Олег, не ожидавший такого экскурса, пусть не детального, но всё же экскурса в некий предлагаемый удивительный мир, подрастерялся. Он не видел фальши и неискренности в словах своей тёмной стороны. Мало того, он знал, что это правда. Верил, что это так. От того и не мог определить своё отношение. Он и хотел пойти. И сторонился. Сознание его раскололось, и часть принадлежала двойнику.
— Итак?! — Повторил Лже-Олег.
— Мм-н-нет. — Трудно выдавил Олег. Он не знал, чего он хочет.

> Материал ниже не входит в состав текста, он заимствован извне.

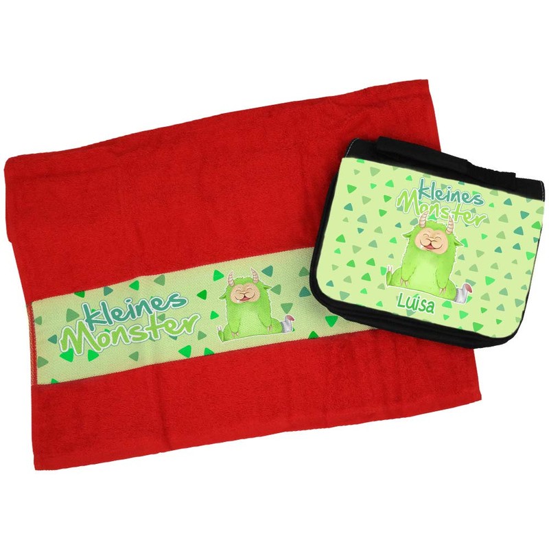 Handtuch und Kulturbeuel im Set und Motiv mit kleinem grünen Monster für Jungen und Mädchen. Perfekt geeignet für Kindergarten, Schule und Freizeit.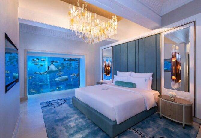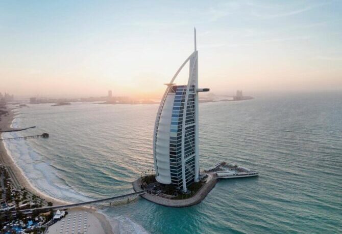 Dubai’s most famous hotel, Burj Al Arab Jumeirah, is built in the shape of a sail and is a symbol of Arabian luxury. It is here that the most unforgettable New Year’s shows take place, and at midnight the main fireworks in the city are launched. The main banquet hall is decorated in the image of the Vienna Opera House. Each room is a new word in modern interior design. Michelin-starred chefs work in the restaurant kitchens. Their dishes will make up the banquet menu on the main night of the year. After dinner, guests will go to the open area, where famous artists and a big band will perform for them. The festive package includes: exclusive prices for the banquet, a panoramic platform overlooking all the fireworks of the city, live performances, a generous breakfast every subsequent morning, world-class butler services, access to an ultra luxurious terrace, a private beach, a beach club, a spa center, a water park.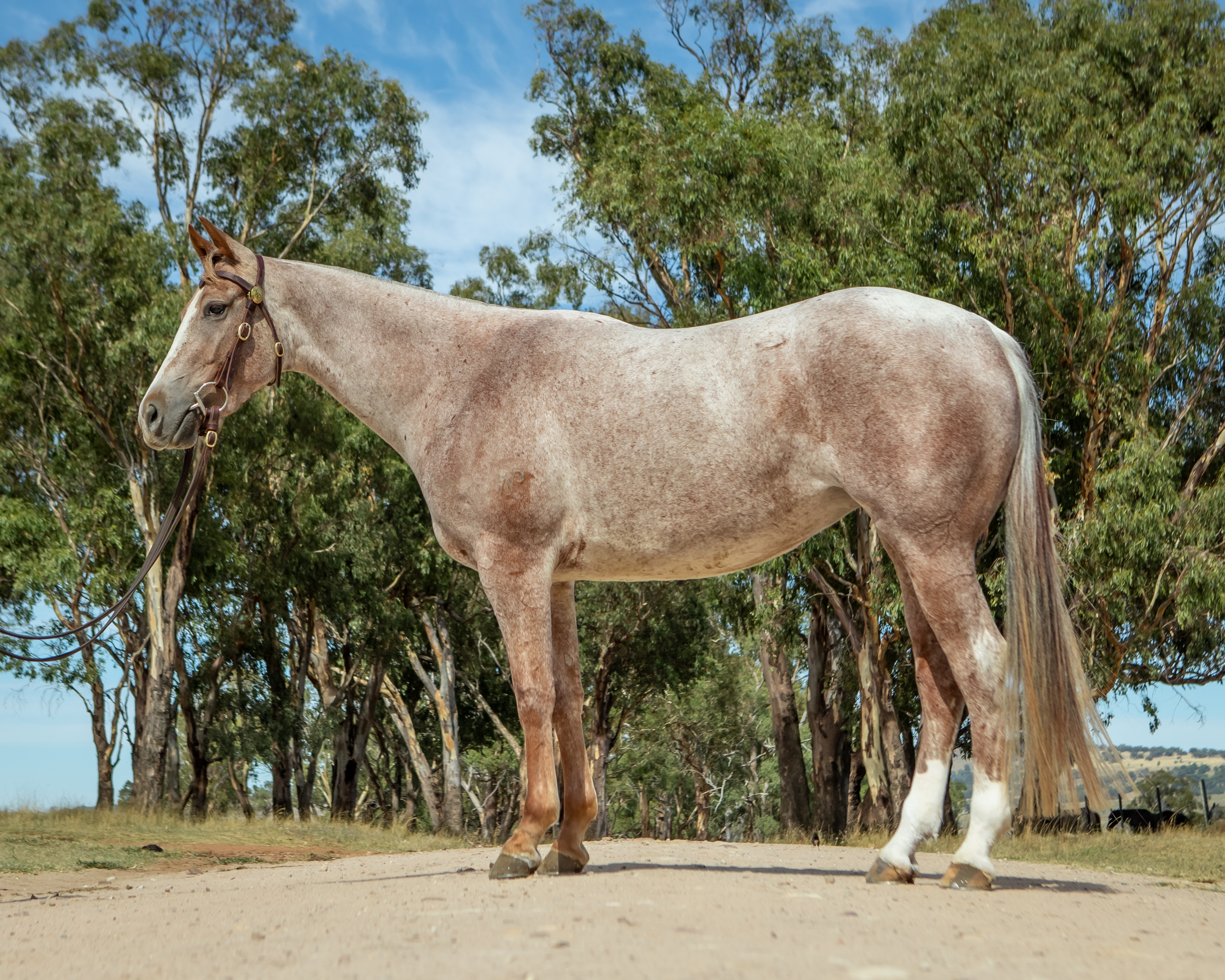 Out of Pete Comiskey’s top campdraft mare Paris (Gold Buckle Winner in 2019) and by top American sire Smooth Talkin Style. Very stylish young mare, has had 18 months riding after being broken in in June 2021. Started on cattle, future foundation mare. Sale prep with Troy Palmer.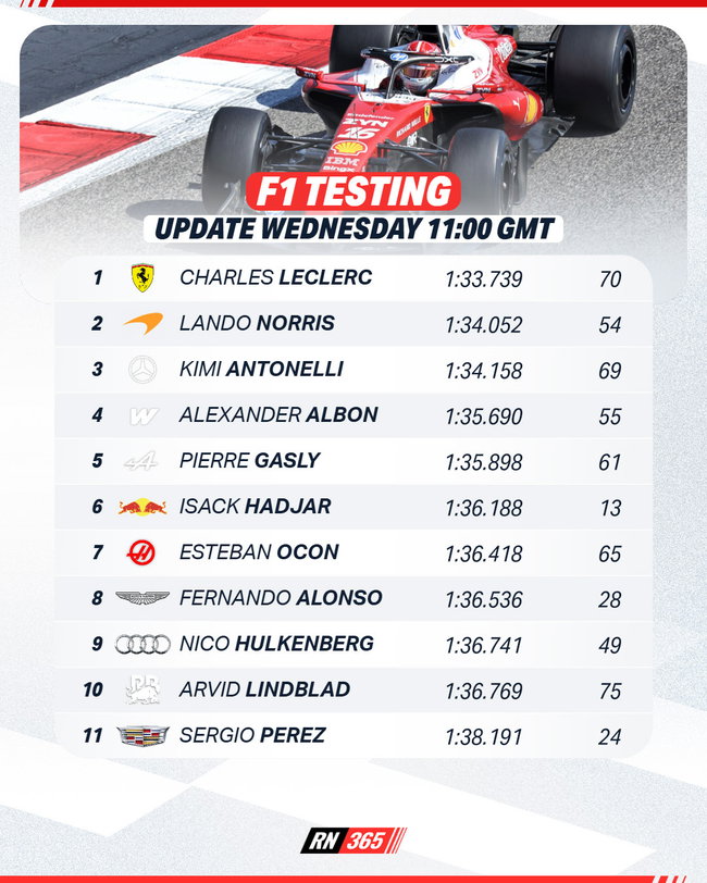 In terms of overall running, Racing Bulls' Arvid Lindblad completed the most laps with 75, followed by Leclerc [70] and Antonelli [69].

Ничего не поменялось в лице двойника.
— Мотивация отказа?!
Причин была куча. Дом, жена, друзья, работа. Жизнь. И не в пыльном сером мире, а в том, где он привык. Он бы мог все эти пунктики перечислить, однако, сказал совсем другое:
— Ты окучиваешь меня как этот… Из поэмы Гёте. Как его…
— Мефистофель?
— Да, Мефистофель. Странно, чего бы так… Я жил не тужил. Ни в какую реальность не лез и не просился. И тут, на тебе, ты! Тебе-то какие барыши с того?
Двойник улыбался глазами. Так улыбаются отцы своим детям.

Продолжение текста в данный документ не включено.